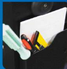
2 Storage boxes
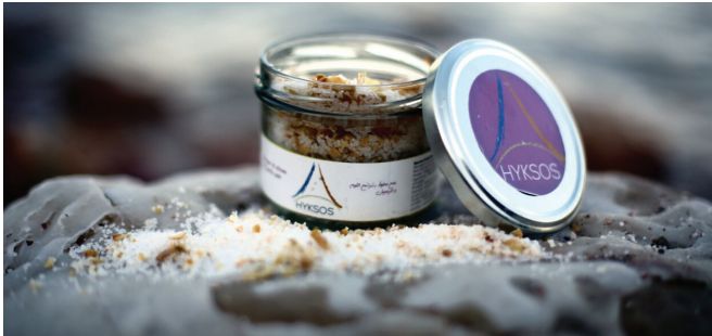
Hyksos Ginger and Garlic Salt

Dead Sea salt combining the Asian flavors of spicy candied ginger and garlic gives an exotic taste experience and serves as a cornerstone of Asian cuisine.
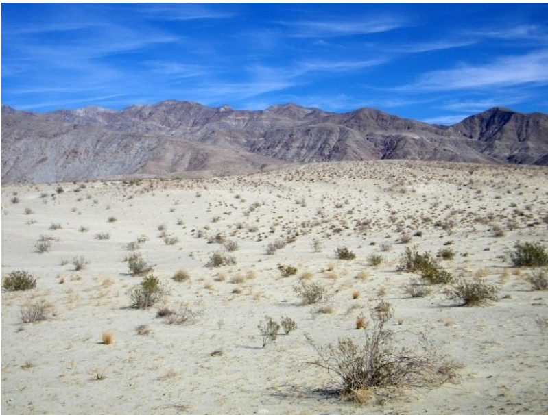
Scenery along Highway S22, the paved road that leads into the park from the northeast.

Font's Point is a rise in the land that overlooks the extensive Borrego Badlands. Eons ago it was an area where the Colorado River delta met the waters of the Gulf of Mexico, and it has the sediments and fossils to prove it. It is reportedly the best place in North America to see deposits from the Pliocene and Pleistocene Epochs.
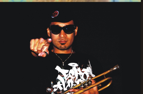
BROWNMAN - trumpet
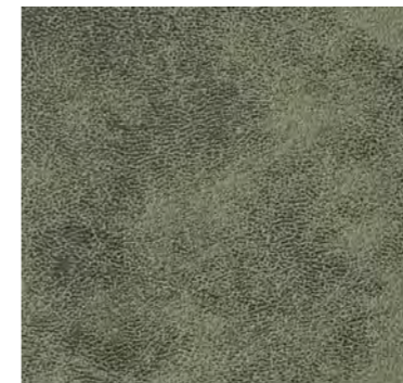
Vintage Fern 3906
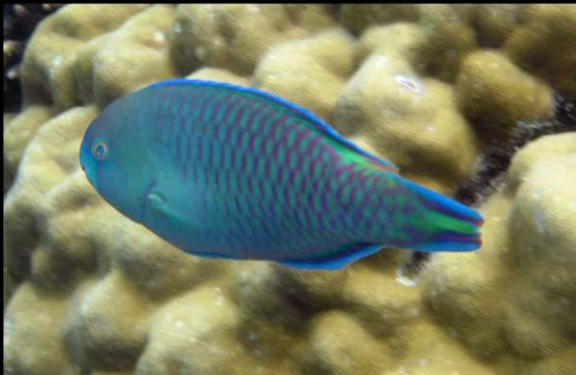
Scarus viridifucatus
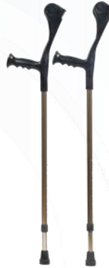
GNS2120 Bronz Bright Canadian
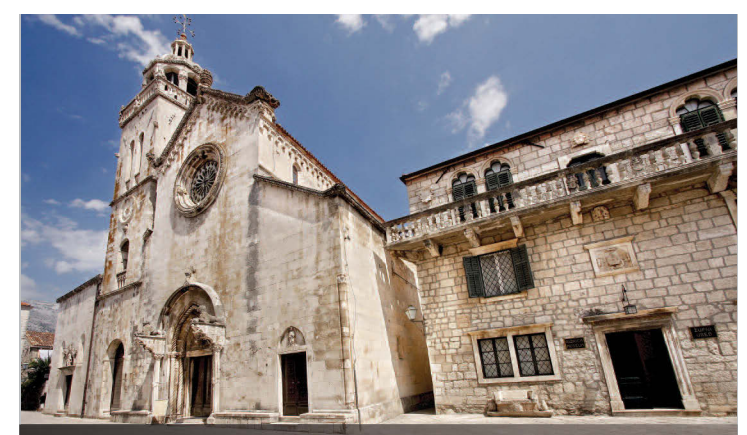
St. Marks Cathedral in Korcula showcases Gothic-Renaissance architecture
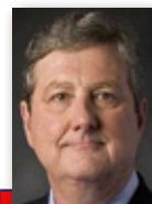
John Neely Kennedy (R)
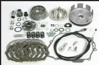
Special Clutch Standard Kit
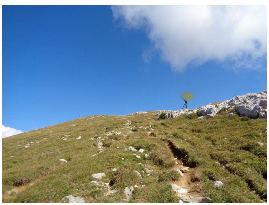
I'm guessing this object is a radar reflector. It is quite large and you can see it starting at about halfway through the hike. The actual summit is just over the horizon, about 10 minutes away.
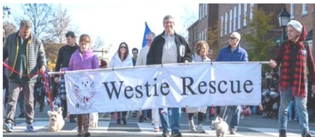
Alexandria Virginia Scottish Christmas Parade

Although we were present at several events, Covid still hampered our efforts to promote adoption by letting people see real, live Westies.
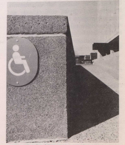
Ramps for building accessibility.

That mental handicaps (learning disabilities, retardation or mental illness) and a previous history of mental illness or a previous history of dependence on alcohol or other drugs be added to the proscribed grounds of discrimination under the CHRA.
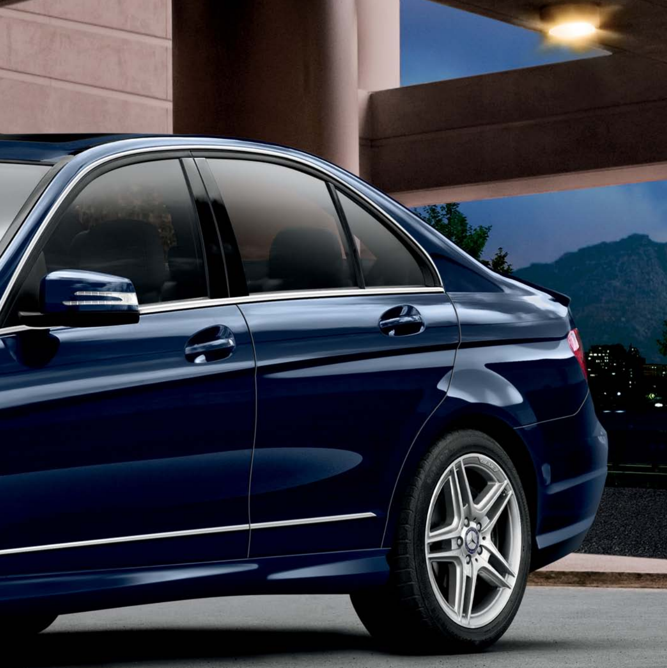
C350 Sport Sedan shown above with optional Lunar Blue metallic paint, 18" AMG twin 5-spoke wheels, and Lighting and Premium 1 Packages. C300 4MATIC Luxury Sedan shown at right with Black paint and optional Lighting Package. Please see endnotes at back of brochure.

------------------------------------------------

Work to complete:
Beginning with the first entry above, reproduce every line verbatim until the line with "Scenery along Highway", which is included too; omit pictures.

Output of the exercise:
2 Storage boxes
Hyksos Ginger and Garlic Salt

Dead Sea salt combining the Asian flavors of spicy candied ginger and garlic gives an exotic taste experience and serves as a cornerstone of Asian cuisine.
Scenery along Highway S22, the paved road that leads into the park from the northeast.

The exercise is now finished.